→ **THE TASK**
Please output exactly the part of the records below that opens with the line containing "2019 치안정책연구소 학술세미나 보도자료" and closes with the line containing "Sneakers isolés sur", both lines included, and nothing else.

→ **TASK MATERIAL**
+ + +

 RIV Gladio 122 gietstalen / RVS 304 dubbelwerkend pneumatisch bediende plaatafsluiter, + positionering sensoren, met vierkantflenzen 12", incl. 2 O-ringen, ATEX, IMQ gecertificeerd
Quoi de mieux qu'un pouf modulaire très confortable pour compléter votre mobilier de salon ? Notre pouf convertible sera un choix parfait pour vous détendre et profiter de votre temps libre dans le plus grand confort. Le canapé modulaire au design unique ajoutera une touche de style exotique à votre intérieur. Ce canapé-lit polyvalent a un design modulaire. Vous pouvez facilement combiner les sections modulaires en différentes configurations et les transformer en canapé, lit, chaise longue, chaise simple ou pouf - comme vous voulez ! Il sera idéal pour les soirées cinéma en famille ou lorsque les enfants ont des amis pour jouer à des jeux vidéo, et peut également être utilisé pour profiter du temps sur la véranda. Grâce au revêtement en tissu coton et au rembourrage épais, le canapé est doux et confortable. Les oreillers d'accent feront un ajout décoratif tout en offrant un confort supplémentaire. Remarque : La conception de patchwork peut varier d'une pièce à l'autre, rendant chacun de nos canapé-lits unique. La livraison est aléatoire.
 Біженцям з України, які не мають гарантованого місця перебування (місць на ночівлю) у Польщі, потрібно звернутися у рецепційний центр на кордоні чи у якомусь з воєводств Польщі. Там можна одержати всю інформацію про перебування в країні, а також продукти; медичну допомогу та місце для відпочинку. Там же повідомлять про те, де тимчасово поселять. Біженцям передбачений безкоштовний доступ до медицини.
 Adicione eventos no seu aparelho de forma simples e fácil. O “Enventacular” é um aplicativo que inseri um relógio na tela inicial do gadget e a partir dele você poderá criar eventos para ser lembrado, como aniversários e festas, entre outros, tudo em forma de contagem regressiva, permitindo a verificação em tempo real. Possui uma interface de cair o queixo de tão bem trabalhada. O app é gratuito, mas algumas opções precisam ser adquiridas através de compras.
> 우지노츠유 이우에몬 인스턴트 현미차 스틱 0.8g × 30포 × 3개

+ + +

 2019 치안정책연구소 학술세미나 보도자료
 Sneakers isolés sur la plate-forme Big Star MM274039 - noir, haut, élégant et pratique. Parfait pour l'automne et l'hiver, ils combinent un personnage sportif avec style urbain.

+ + +

→ **REPLY**
 2019 치안정책연구소 학술세미나 보도자료
 Sneakers isolés sur la plate-forme Big Star MM274039 - noir, haut, élégant et pratique. Parfait pour l'automne et l'hiver, ils combinent un personnage sportif avec style urbain.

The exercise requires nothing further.